- _WHAT IS NEEDED_:
Any picture in the range stays out of the copy; retype exactly the lines from the one with "2535-25秋款纯欲修身款v领胸前蝴蝶结长袖T恤女打底衫内搭T恤上衣" to the end of the listing.

- _COLLECTED DATA_:
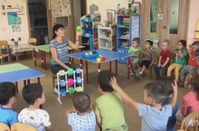 Веселее только скачет...так началось занятие в группе "Зайчики". Ребята отгадывали загадки, играли в подвижные игры, называли любимые цвета, а самым приятным моментом стала аппликация. С работой справились...расположили мячи на листе бумаги. Детям занятие понравилось.
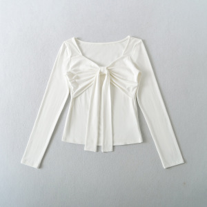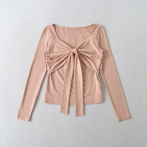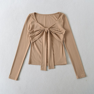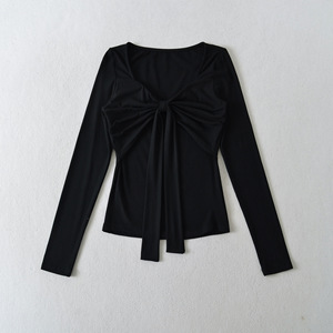 2535-25秋款纯欲修身款v领胸前蝴蝶结长袖T恤女打底衫内搭T恤上衣
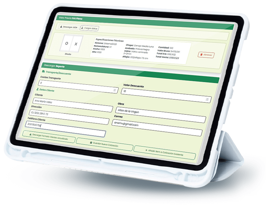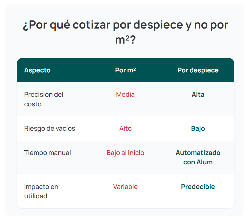 Alum automatiza la cotización, genera despieces precisos y optimiza el uso de perfiles para que entregues más rápido, con menos desperdicio y mayor rentabilidad.

- _EXERCISE SOLUTION_:
 2535-25秋款纯欲修身款v领胸前蝴蝶结长袖T恤女打底衫内搭T恤上衣
 Alum automatiza la cotización, genera despieces precisos y optimiza el uso de perfiles para que entregues más rápido, con menos desperdicio y mayor rentabilidad.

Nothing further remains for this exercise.